_TASK DETAILS_: Return the records, each one exactly as written.

....

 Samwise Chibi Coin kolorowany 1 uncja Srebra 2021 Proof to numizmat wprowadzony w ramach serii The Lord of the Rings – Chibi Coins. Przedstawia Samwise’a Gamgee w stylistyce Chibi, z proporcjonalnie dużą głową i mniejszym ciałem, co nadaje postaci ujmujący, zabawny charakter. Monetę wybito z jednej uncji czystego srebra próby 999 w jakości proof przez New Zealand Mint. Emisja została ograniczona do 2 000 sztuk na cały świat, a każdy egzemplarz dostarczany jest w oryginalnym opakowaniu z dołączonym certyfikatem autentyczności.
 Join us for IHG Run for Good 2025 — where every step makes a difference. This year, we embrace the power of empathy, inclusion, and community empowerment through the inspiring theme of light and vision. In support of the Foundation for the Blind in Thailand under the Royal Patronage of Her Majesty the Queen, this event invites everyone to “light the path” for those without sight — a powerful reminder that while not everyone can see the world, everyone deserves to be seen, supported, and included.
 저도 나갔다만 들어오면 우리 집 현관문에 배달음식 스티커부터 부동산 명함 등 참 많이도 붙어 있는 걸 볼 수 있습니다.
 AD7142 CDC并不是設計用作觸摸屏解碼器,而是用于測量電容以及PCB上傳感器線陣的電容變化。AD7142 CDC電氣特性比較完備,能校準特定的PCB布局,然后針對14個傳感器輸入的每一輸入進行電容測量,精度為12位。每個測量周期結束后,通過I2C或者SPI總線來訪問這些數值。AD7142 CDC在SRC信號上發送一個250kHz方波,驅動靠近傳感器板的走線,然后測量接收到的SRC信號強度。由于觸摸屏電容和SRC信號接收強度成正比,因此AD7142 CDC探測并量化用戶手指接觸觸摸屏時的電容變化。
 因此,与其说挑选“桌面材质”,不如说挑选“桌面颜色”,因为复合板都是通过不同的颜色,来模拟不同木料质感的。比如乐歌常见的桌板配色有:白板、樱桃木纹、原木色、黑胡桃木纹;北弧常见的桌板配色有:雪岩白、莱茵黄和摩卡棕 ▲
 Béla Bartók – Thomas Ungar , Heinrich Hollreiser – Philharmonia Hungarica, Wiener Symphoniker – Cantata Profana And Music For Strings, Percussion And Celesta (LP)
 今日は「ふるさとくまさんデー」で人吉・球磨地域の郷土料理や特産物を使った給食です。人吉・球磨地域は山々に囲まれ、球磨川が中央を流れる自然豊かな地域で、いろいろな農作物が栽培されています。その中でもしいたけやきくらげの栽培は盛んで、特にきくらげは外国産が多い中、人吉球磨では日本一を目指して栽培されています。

....

_EXERCISE ANSWER_:
 Samwise Chibi Coin kolorowany 1 uncja Srebra 2021 Proof to numizmat wprowadzony w ramach serii The Lord of the Rings – Chibi Coins. Przedstawia Samwise’a Gamgee w stylistyce Chibi, z proporcjonalnie dużą głową i mniejszym ciałem, co nadaje postaci ujmujący, zabawny charakter. Monetę wybito z jednej uncji czystego srebra próby 999 w jakości proof przez New Zealand Mint. Emisja została ograniczona do 2 000 sztuk na cały świat, a każdy egzemplarz dostarczany jest w oryginalnym opakowaniu z dołączonym certyfikatem autentyczności.
 Join us for IHG Run for Good 2025 — where every step makes a difference. This year, we embrace the power of empathy, inclusion, and community empowerment through the inspiring theme of light and vision. In support of the Foundation for the Blind in Thailand under the Royal Patronage of Her Majesty the Queen, this event invites everyone to “light the path” for those without sight — a powerful reminder that while not everyone can see the world, everyone deserves to be seen, supported, and included.
 저도 나갔다만 들어오면 우리 집 현관문에 배달음식 스티커부터 부동산 명함 등 참 많이도 붙어 있는 걸 볼 수 있습니다.
 AD7142 CDC并不是設計用作觸摸屏解碼器,而是用于測量電容以及PCB上傳感器線陣的電容變化。AD7142 CDC電氣特性比較完備,能校準特定的PCB布局,然后針對14個傳感器輸入的每一輸入進行電容測量,精度為12位。每個測量周期結束后,通過I2C或者SPI總線來訪問這些數值。AD7142 CDC在SRC信號上發送一個250kHz方波,驅動靠近傳感器板的走線,然后測量接收到的SRC信號強度。由于觸摸屏電容和SRC信號接收強度成正比,因此AD7142 CDC探測并量化用戶手指接觸觸摸屏時的電容變化。
 因此,与其说挑选“桌面材质”,不如说挑选“桌面颜色”,因为复合板都是通过不同的颜色,来模拟不同木料质感的。比如乐歌常见的桌板配色有:白板、樱桃木纹、原木色、黑胡桃木纹;北弧常见的桌板配色有:雪岩白、莱茵黄和摩卡棕 ▲
 Béla Bartók – Thomas Ungar , Heinrich Hollreiser – Philharmonia Hungarica, Wiener Symphoniker – Cantata Profana And Music For Strings, Percussion And Celesta (LP)
 今日は「ふるさとくまさんデー」で人吉・球磨地域の郷土料理や特産物を使った給食です。人吉・球磨地域は山々に囲まれ、球磨川が中央を流れる自然豊かな地域で、いろいろな農作物が栽培されています。その中でもしいたけやきくらげの栽培は盛んで、特にきくらげは外国産が多い中、人吉球磨では日本一を目指して栽培されています。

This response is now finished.